A responsive interface, by its nature, supports many form factors. The carefully chosen scale for your line chart in landscape mode can look deceptive if the user simply turns their device on its side. A legible and useful visualization on a desktop or tablet may turn into an unusable, eye-straining puzzle on a phone. A widget designed for the phone can look absurdly simplistic enlarged on a tablet.
You can solve this with painstaking design and coding, but you shouldn't need to. Your BI platform, if well-designed for mobile, ought to handle these scenarios generically. No dashboard designer should be forced to handle the complexities of multiformat design.
For example, a mobile BI platform should intelligently scale charts appropriately at any size. A scatterplot may show many data points at a high resolution. At a low resolution, the platform could algorithmically determine the optimal key points to show, still revealing the pattern and range of the data. However, at any size, the user should be able to zoom and select and interact with the chart to see their information from a different "viewpoint" to gain a yet more complete understanding.
Working with a responsive and exploratory design, old certainties about information design start to change. Personally, I find it painful to see a traditional pie chart with many segments and complex labels. What a horrible way to show useful data! However, if you can enlarge or shrink the pie to suit your format, and spin the chart around its center to bring different segments to the top, all the while showing only the labels most relevant to the current view ... now the pie chart feels more usable and interesting and informative.
3. Speedy discovery
That's why a mobile BI platform demands great performance on the client. At least use CSS media queries to restrict the visualization and design features that will be appropriate and available for the client in use. And look to complement that responsive approach by building with a framework such as AngularJS. The two-way data binding makes it easy to listen for screen resizes to determine what kind of elements you would like to load efficiently. If you find that this complicates working with the code, use a CSS pre-compressor (such as LESS.js) and compile everything to single file.
There's another facet of user behavior that may help to squeeze performance from an analytic client. Users following "information scent" mostly make selections that narrow the scope of the data they are looking at, only occasionally moving to a new or broader scope. Looking at U.S. sales, you most likely "drill down" to consider sales in, say, Texas rather than jumping to look at European sales. So caching data on the client can be quite practical, especially if you use JSONPatch to update the array when needed.
The same tendency to start from a higher level and drill down can speed up visualizations using paging. You rarely need to plot 1 million data points, even when rendering a complex data set. The algorithmic approach that enables you to scale visualizations can be used to optimize performance.
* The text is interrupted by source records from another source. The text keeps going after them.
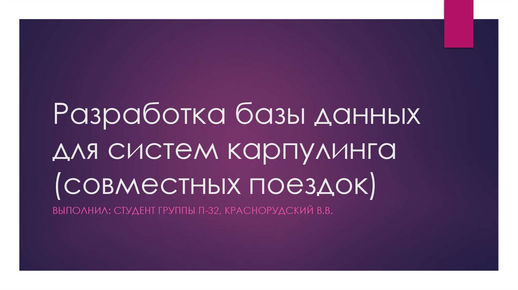 1. Разработка базы данных для систем карпулинга (совместных поездок)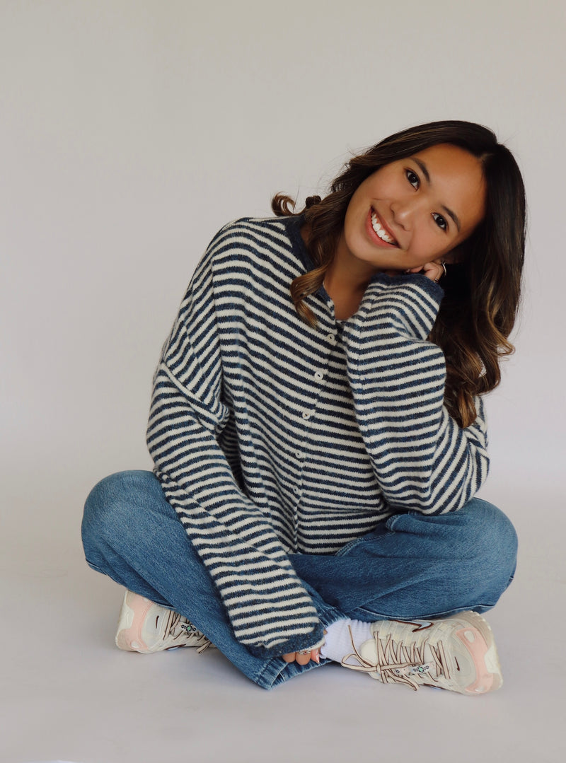 Hollis Cardigan - Dark Blue Stripes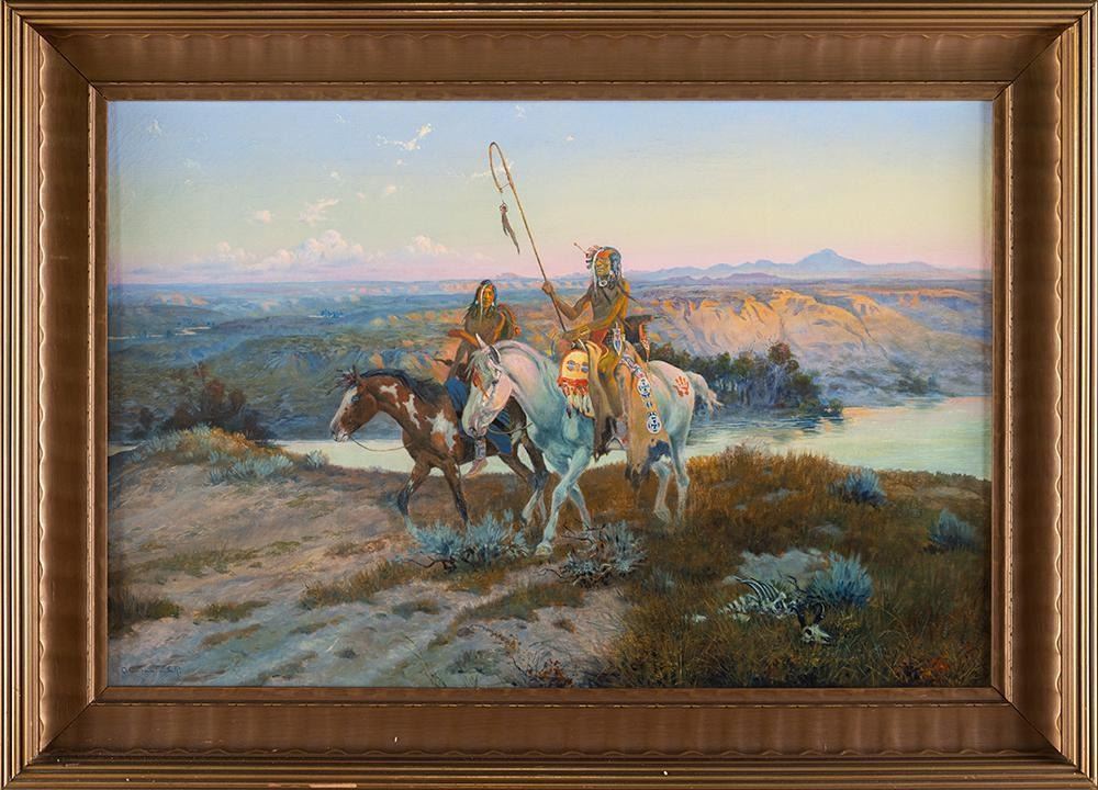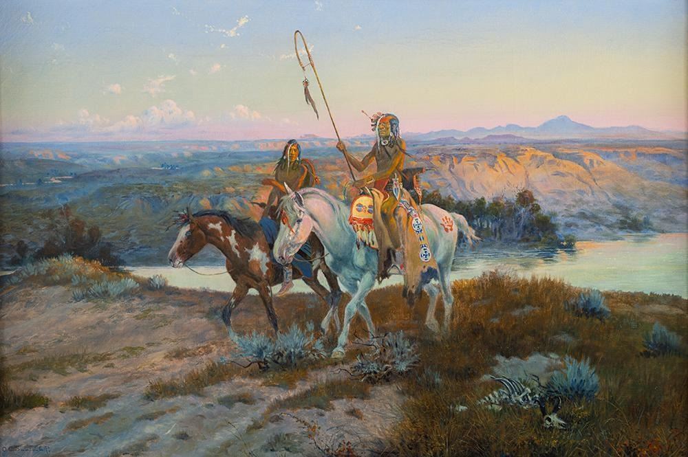 Olaf Carl Seltzer was a prominent Western artist known for his detailed and dynamic depictions of frontier life, landscapes, and Native American culture. Born in Copenhagen, Denmark, Seltzer immigrated to the United States at the age of 12 and settled in Great Falls, Montana. Influenced by his mentor and friend Charles M. Russell, Seltzer developed a passion for portraying the American West. His works, celebrated for their historical accuracy and vivid storytelling, often featured scenes of Native American life, particularly of the Blackfeet people, whose culture and traditions he deeply admired. Through his art, Seltzer sought to document the lives of the Blackfeet and their connection to the vast Montana landscapes.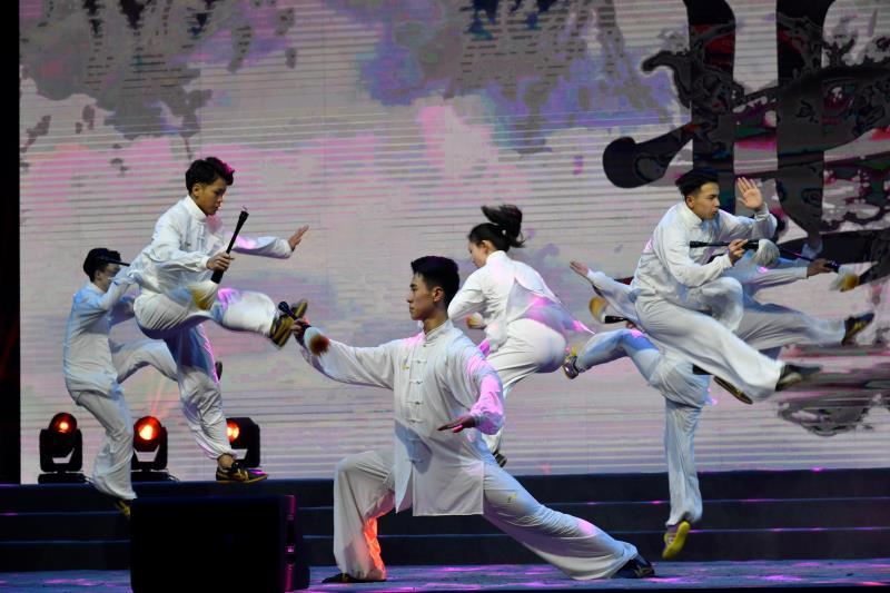 第三篇章《创未来 奋进体职院》。学院各专业学生表演了极具专业特色的散打跆拳道项目展示、空乘专业展示、《二青会志愿者》朗诵等节目,不仅展现了学院各专业、各项目的教学训练成果,更凸显了学院未来发展的良好前景。晚会在《武韵之传承》节目中落下帷幕,省体育局领导和学院领导与导演组和演出人员谢幕合影,晚会圆满成功。

You may show only key points at first and page in more data as needed when the user selects to explore further.
A natural approach to analytics
As you can see, mobile BI requires that you think beyond mobility. A good mobile analytic platform is fast and facilitates an interactive experience that is responsive and touch-enabled.
These practices not only enable, but encourage exploration. We are compelled by natural curiosity. As we follow it, we make discoveries and form new insights and new understanding.
This is only natural. In business we can only spend so much time at our desks. That's why we get out into the real world, we go on the road, we walk round the store or warehouse or factory floor in order to see what's new. Mobile analytics should go with us -- and work with us the way we need it to work.